FN: Asymptote’s mission is to promote a truly global and diverse literature across languages, and not just into English. From your perspective, what are the initiatives needed to promote Uzbek, but also other underrepresented literatures and languages?

HI: I am a bit tired of advocating a place of so-called “small literatures” on the international literary scene. There’s a great “reading the world” trend among readers of translated literature, where they aim to read as many ethnically and geographically diverse writers as possible. Some people, who see the glass half-empty, might say that those “quota” writers are inferior to the modern classics of their own literature, and what’s the point of wasting your time reading substandard literature of an obscure country just for the sake of ticking that country off a list. As for me, I’m sure that in any given literature you could find samples of the highest standard writing like Otar Chiladze from Georgia, Meša Selimović from Bosnia, Chingiz Aytmatov from Kyrgyzstan, Grant Matevosyan from Armenia, Akram Aylisli from Azerbaijan, and Jaan Kroos from Estonia, just to name a few.

It would be great to run the same kind of initiatives among translators and publishers too. Another way of spreading different underrepresented literatures is through online initiatives, where the economic dominance of the book industries of developed countries plays a lesser role. I wish that different literatures were mutually translated, bypassing English or other dominant global languages, but it’s rather unrealistic, apart from some regional interconnections (the Indian subcontinent, the Turkic or Persian-speaking world, Slavonic literatures, etc). One can also argue the Afghan case of Khaled Hosseini and Atiq Rahimi, as well as other writers like them, who “took things into their own hands” and started to write about their underrepresented countries in English or French.
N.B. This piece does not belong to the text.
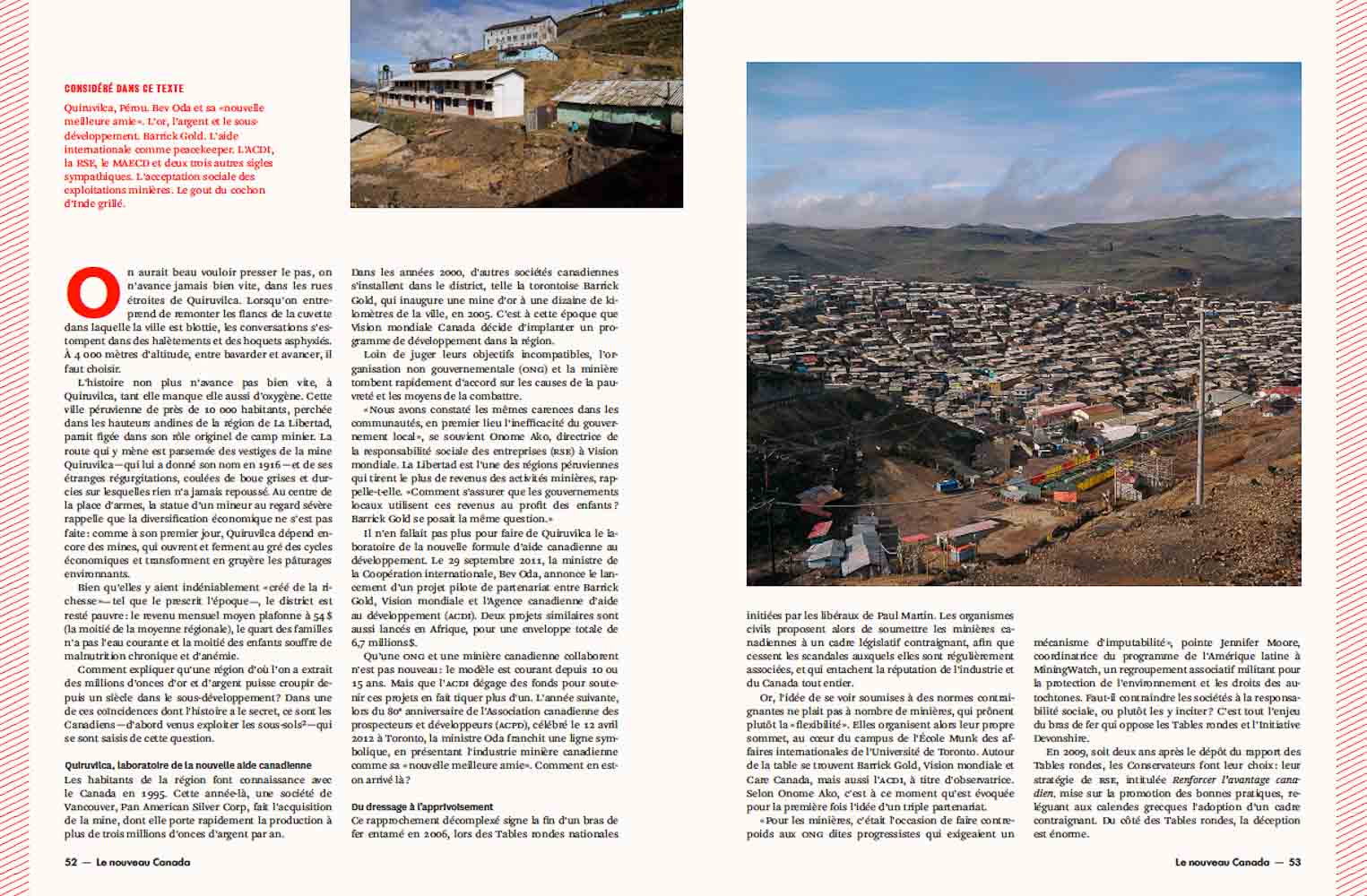 Perou, 8 mars 2013. Le projet minier de Candente est située dans l’une des zones les plus inaccessible du Pérou, à peu près 100 km à l’intérieur des côtes depuis la ville de Chiclayo, dans le Nord du pays, dans la région de Lambayeque. Le camp d’exploration est installé au fond de la vallée à pic de la rivière Cañarico. La principale route d’accès s’arrête au sommet. L’accès au camp s’effectue par une piste boueuse où seuls se risquent les pick-ups. L’entreprise a été la première à construire des routes dans la région qui permettent aux habitants de voyager plus facilement pour vendre leurs produits au marché. – Peru, 8 march 2013. Candente’s project is located in one of the toughest parts of Peru to reach. It is located about 100 km inland from the coastal city of Chiclayo, in the northern region of Lambayeque. The camp stands at the bottom of Cañarico River valley, whose walls are seem near-vertical. The main road stops at the top. Access to the camp is through a muddy, rutted trail that only pickups can risk. The company was the first to construct some of the roads, which now allow locals to travel more easily and start selling their products. Valérian Mazataud | Hans Lucas

I am sure that the number of writers like them will be increasing, although one can also predict heated discussions about their input in their vernacular literatures and their “authenticity” in being represented to the outside world.

Hamid Ismailov was born into a deeply religious Uzbek family of Mullahs and Khodjas living in Kyrgyzstan, many of whom had lost their lives during the Stalin-era persecution. Nevertheless, he received an exemplary Soviet education, graduating with distinction from both his secondary school and military college, as well as attaining university degrees in a number of disciplines. Though he could have become a high-flying Soviet or post-Soviet apparatchik, fate led him to become a dissident writer and poet residing in the West. He was the BBC World Service’s first Writer in Residence. Critics have compared his books to the best of Russian classics, Sufi parables and works of Western post-modernism. While his writing reflects all of these and many other strands, it is his unique intercultural experience that excites and draws the reader into his world.

Filip Noubel is a literary translator and critic based in Prague. He studied Slavonic and East Asian languages in Tokyo, Prague, Paris and Beijing, and has worked as a media trainer in Central Asia and China. He now focuses on contemporary fiction from China, Uzbekistan, Russia, and the Czech Republic, which he translates into French. His translations and reviews have appeared in Jentayu Magazine and in 单读/Dandu Magazine. He is currently translating Radka Denemarková, one of the most awarded contemporary Czech authors, who has also been featured in Asymptote.